== Segment start ==

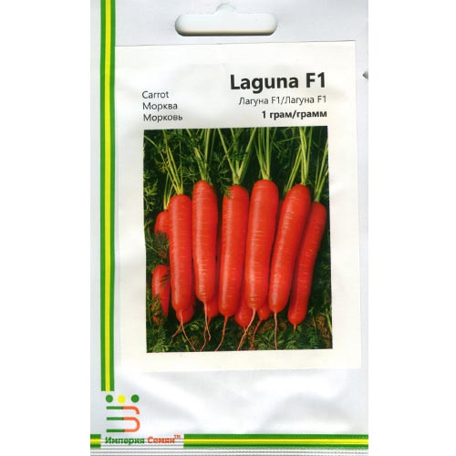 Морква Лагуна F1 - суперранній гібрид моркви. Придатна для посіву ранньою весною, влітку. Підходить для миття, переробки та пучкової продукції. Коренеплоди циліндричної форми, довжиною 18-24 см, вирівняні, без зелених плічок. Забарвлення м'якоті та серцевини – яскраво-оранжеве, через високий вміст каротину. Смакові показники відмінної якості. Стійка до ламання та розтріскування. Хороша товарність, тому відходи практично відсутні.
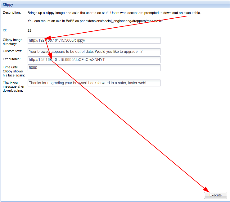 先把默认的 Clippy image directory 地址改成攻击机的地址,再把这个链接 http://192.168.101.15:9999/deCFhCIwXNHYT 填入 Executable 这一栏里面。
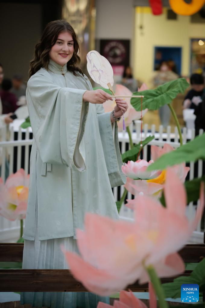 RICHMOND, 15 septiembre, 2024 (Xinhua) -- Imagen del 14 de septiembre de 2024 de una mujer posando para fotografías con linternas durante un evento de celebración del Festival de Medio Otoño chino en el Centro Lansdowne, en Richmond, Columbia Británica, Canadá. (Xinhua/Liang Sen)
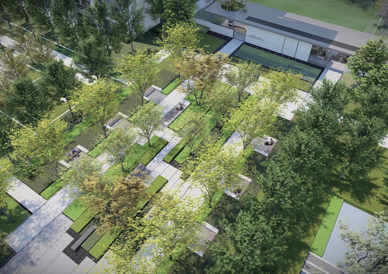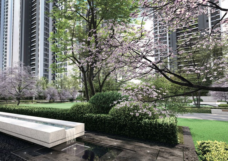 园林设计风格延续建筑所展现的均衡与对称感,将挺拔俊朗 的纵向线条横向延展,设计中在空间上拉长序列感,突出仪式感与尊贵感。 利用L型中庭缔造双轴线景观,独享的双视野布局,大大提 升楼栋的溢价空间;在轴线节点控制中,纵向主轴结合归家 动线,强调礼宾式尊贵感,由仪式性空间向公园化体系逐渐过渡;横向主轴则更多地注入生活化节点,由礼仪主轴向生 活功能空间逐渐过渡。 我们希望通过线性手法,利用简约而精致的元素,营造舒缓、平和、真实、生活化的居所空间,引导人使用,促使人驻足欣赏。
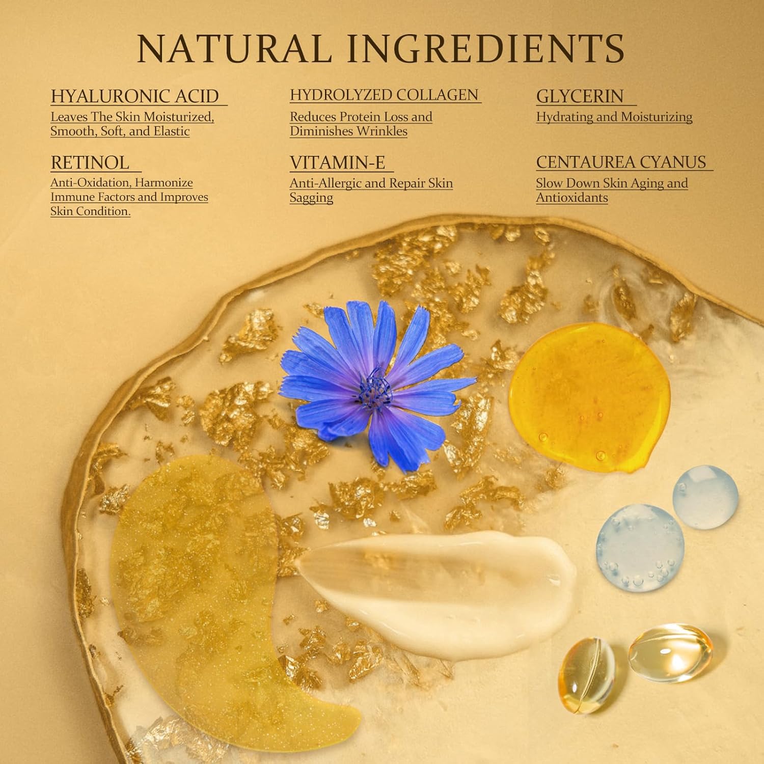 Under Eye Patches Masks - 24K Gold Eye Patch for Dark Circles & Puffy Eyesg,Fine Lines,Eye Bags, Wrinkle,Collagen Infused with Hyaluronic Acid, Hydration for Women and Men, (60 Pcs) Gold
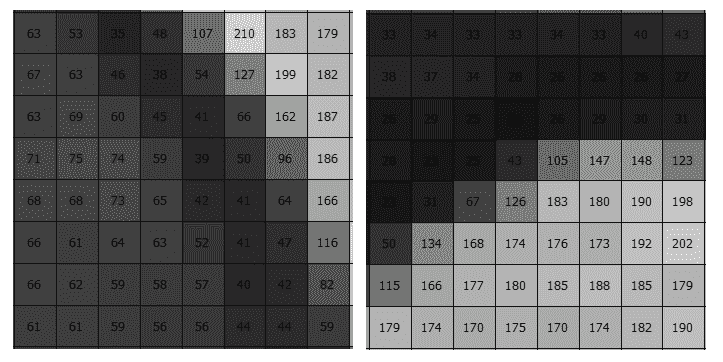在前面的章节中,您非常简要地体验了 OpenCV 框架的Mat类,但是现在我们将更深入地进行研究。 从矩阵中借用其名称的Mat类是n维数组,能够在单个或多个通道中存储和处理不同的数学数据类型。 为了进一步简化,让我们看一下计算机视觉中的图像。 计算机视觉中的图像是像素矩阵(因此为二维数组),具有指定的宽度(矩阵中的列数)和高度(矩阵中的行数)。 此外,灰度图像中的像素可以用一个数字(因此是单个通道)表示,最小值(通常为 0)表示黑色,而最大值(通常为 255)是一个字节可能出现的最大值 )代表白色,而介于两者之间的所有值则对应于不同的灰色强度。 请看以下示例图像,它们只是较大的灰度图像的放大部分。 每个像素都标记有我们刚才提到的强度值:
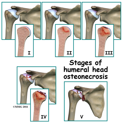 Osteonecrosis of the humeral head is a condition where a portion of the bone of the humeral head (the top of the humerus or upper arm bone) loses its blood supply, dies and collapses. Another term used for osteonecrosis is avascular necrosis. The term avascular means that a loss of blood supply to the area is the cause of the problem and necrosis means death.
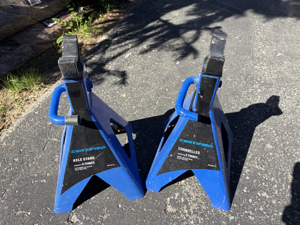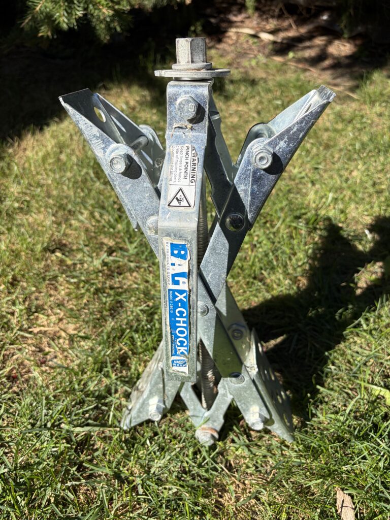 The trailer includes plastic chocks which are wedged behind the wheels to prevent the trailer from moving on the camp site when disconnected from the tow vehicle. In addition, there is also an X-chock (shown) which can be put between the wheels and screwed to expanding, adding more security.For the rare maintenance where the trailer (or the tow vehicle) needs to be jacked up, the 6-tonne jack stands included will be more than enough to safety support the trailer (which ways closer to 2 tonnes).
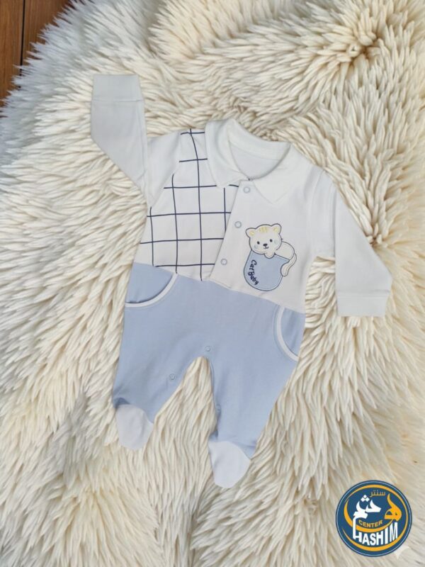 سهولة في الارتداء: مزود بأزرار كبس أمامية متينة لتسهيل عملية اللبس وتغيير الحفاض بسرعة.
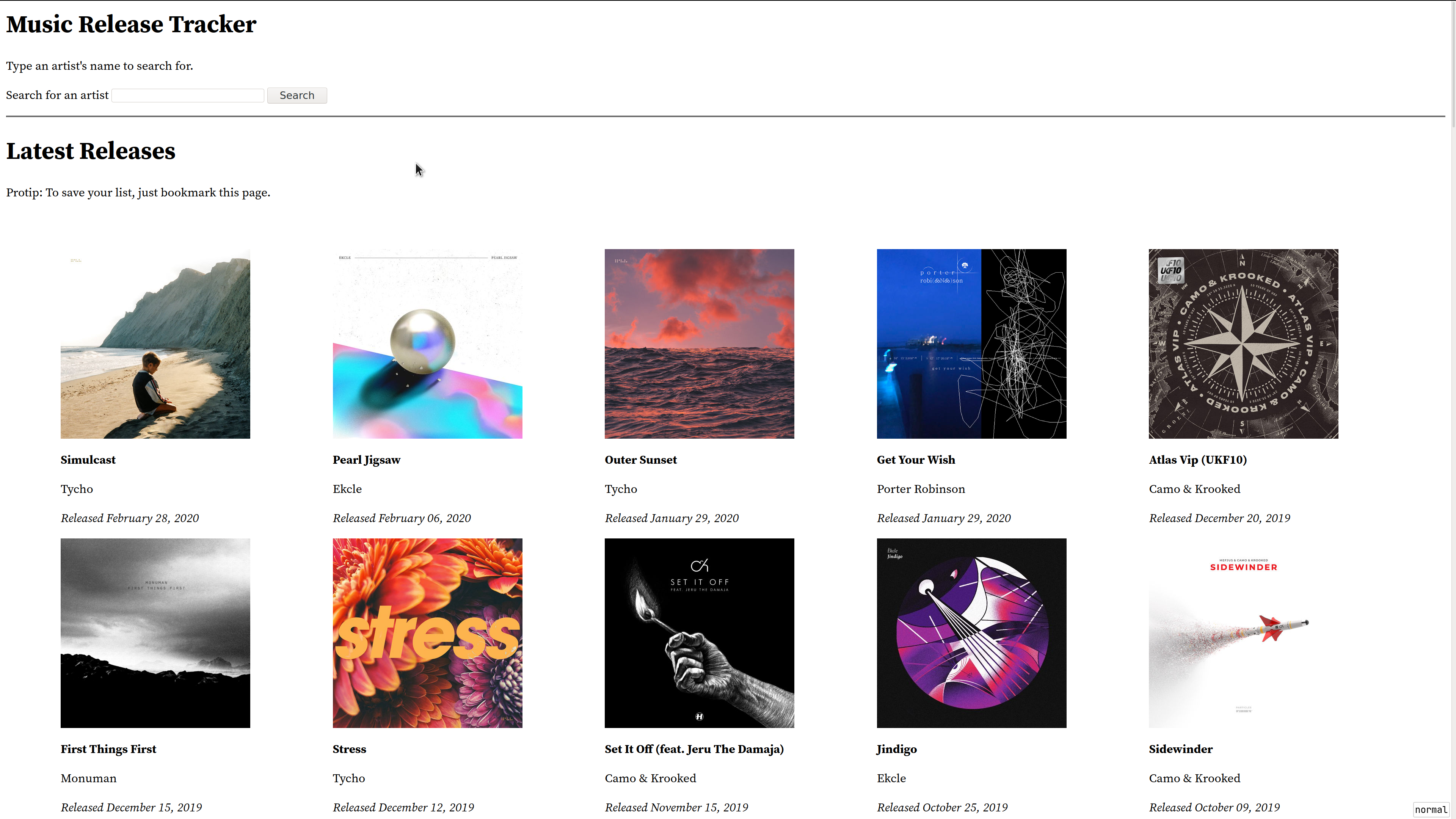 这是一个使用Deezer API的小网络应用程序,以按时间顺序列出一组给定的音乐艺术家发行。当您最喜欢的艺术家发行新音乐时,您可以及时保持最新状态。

== Segment end ==

WHAT THE EXERCISE ASKS
Without including any picture, set down every line above exactly as it stands.

COMPLETED EXERCISE
 Морква Лагуна F1 - суперранній гібрид моркви. Придатна для посіву ранньою весною, влітку. Підходить для миття, переробки та пучкової продукції. Коренеплоди циліндричної форми, довжиною 18-24 см, вирівняні, без зелених плічок. Забарвлення м'якоті та серцевини – яскраво-оранжеве, через високий вміст каротину. Смакові показники відмінної якості. Стійка до ламання та розтріскування. Хороша товарність, тому відходи практично відсутні.
 先把默认的 Clippy image directory 地址改成攻击机的地址,再把这个链接 http://192.168.101.15:9999/deCFhCIwXNHYT 填入 Executable 这一栏里面。
 RICHMOND, 15 septiembre, 2024 (Xinhua) -- Imagen del 14 de septiembre de 2024 de una mujer posando para fotografías con linternas durante un evento de celebración del Festival de Medio Otoño chino en el Centro Lansdowne, en Richmond, Columbia Británica, Canadá. (Xinhua/Liang Sen)
 园林设计风格延续建筑所展现的均衡与对称感,将挺拔俊朗 的纵向线条横向延展,设计中在空间上拉长序列感,突出仪式感与尊贵感。 利用L型中庭缔造双轴线景观,独享的双视野布局,大大提 升楼栋的溢价空间;在轴线节点控制中,纵向主轴结合归家 动线,强调礼宾式尊贵感,由仪式性空间向公园化体系逐渐过渡;横向主轴则更多地注入生活化节点,由礼仪主轴向生 活功能空间逐渐过渡。 我们希望通过线性手法,利用简约而精致的元素,营造舒缓、平和、真实、生活化的居所空间,引导人使用,促使人驻足欣赏。
 Under Eye Patches Masks - 24K Gold Eye Patch for Dark Circles & Puffy Eyesg,Fine Lines,Eye Bags, Wrinkle,Collagen Infused with Hyaluronic Acid, Hydration for Women and Men, (60 Pcs) Gold
在前面的章节中,您非常简要地体验了 OpenCV 框架的Mat类,但是现在我们将更深入地进行研究。 从矩阵中借用其名称的Mat类是n维数组,能够在单个或多个通道中存储和处理不同的数学数据类型。 为了进一步简化,让我们看一下计算机视觉中的图像。 计算机视觉中的图像是像素矩阵(因此为二维数组),具有指定的宽度(矩阵中的列数)和高度(矩阵中的行数)。 此外,灰度图像中的像素可以用一个数字(因此是单个通道)表示,最小值(通常为 0)表示黑色,而最大值(通常为 255)是一个字节可能出现的最大值 )代表白色,而介于两者之间的所有值则对应于不同的灰色强度。 请看以下示例图像,它们只是较大的灰度图像的放大部分。 每个像素都标记有我们刚才提到的强度值:
 Osteonecrosis of the humeral head is a condition where a portion of the bone of the humeral head (the top of the humerus or upper arm bone) loses its blood supply, dies and collapses. Another term used for osteonecrosis is avascular necrosis. The term avascular means that a loss of blood supply to the area is the cause of the problem and necrosis means death.
 The trailer includes plastic chocks which are wedged behind the wheels to prevent the trailer from moving on the camp site when disconnected from the tow vehicle. In addition, there is also an X-chock (shown) which can be put between the wheels and screwed to expanding, adding more security.For the rare maintenance where the trailer (or the tow vehicle) needs to be jacked up, the 6-tonne jack stands included will be more than enough to safety support the trailer (which ways closer to 2 tonnes).
 سهولة في الارتداء: مزود بأزرار كبس أمامية متينة لتسهيل عملية اللبس وتغيير الحفاض بسرعة.
 这是一个使用Deezer API的小网络应用程序,以按时间顺序列出一组给定的音乐艺术家发行。当您最喜欢的艺术家发行新音乐时,您可以及时保持最新状态。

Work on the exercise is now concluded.